Return responsibilities as if they were overdue library books. Start by thinking of one task or responsibility you can return to one specific person. It may be as small as returning the responsibility of waking up on time to your teenager, or as large as returning responsibility for her own happiness to your mother. Regardless of how the responsibility ended up in your hands—whether you took it freely or it was foisted upon you—it’s time to pass it back like LeBron with a basketball.
However, don’t expect them to read your mind. Don’t just let your teen oversleep on a random Thursday when you’re feeling especially resentful. Instead, set everyone up for success by communicating what’s happening and why, what the expectations are, and collaboratively coming up with a plan that your teen can fully own.

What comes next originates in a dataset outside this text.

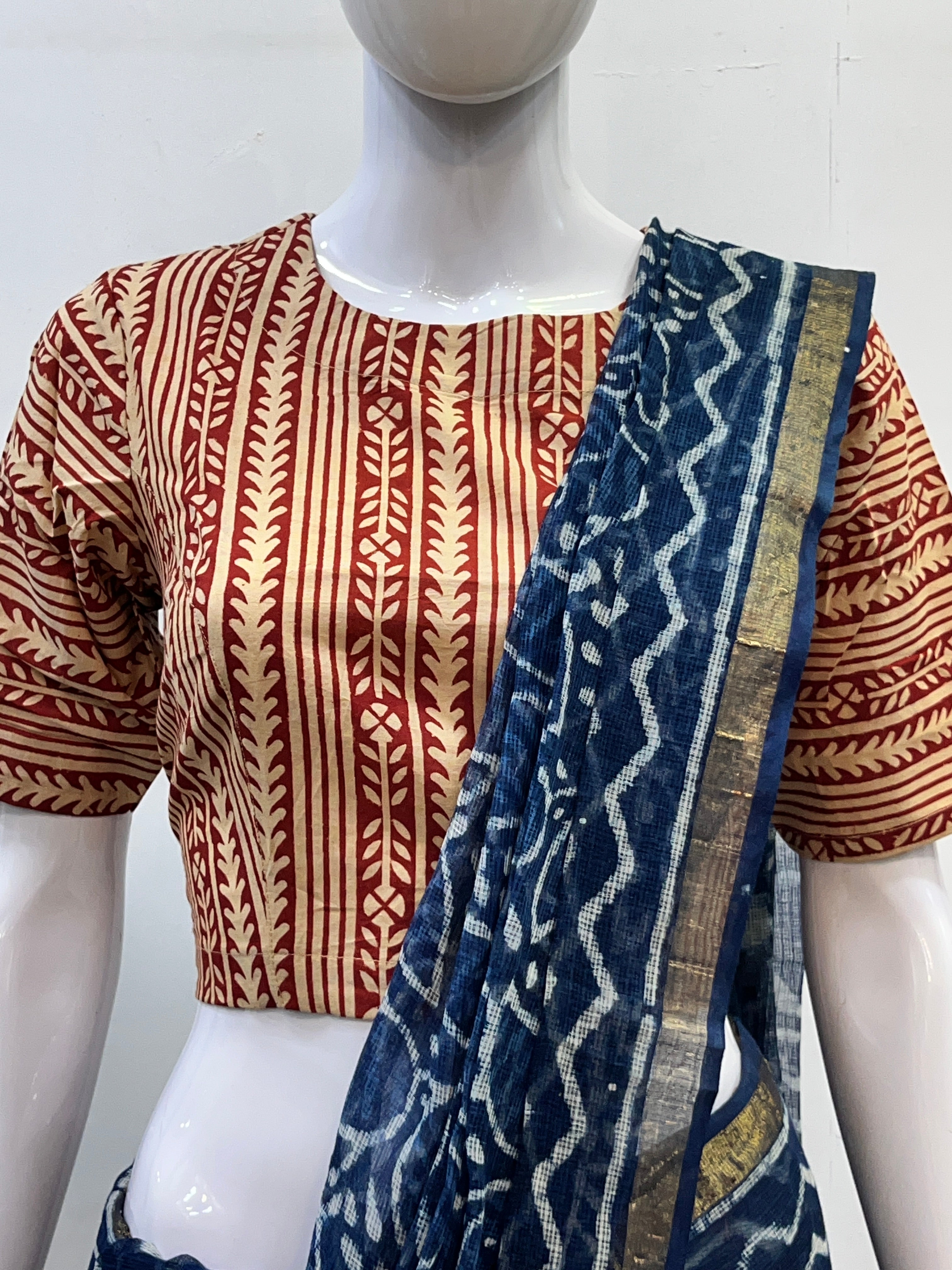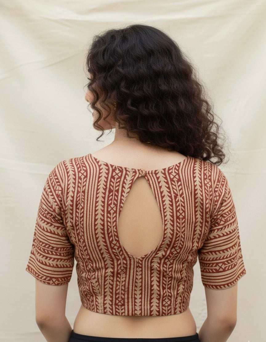 Each piece is adorned with traditional Hand Block prints, meticulously hand-blocked by skilled artisans, celebrating the heritage of Rajasthan's centuries-old textile art. Whether paired with a saree, skirt, or jeans, these blouses bring a touch of artisanal charm to your everyday wardrobe.

Finally, when you relinquish, fully relinquish. It’s tempting to be a safety net or to manage from the sidelines, but trust that your loved one is capable and creative, even if he racks up a few tardies before all the kinks are worked out of the system.
Balanced Responsibility Experiment #2: Accept all offers.
Practice accepting all that’s given to you. Accept a compliment, accept tomatoes from your neighbor’s garden without worrying that now you have to give her a cucumber. Best of all, accept offers of help. Don’t think of it as burdening the helper; instead, think of it as a way to share the feeling of competence that makes you feel so good. Then, once you’re comfortable accepting help, you can go for your black belt by asking for help.
Balanced Responsibility Experiment #3: Shift your sense of responsibility from saving others to launching others.
Consider the core beliefs that keep your over-responsibility simmering. By keeping all the competence to yourself, it implies you think others are incompetent, or at least less competent than you. Therefore, reframe relinquishing over-responsibility as helping others develop their skills. Especially when it comes to kids, you want to be able to launch them into the world ready to fly, not keep them tethered to you.
All in all, there are worse things than being overly responsible. But like all good things, taken too far, it can be stressful and get in the way of life. So give others’ responsibilities back to them while still enjoying the sense of competence from handling your own. If all else fails, you can always apologize for the weather.
All content here is for informational purposes only. This content does not replace the professional judgment of your own mental health provider. Please consult a licensed mental health professional for all individual questions and issues.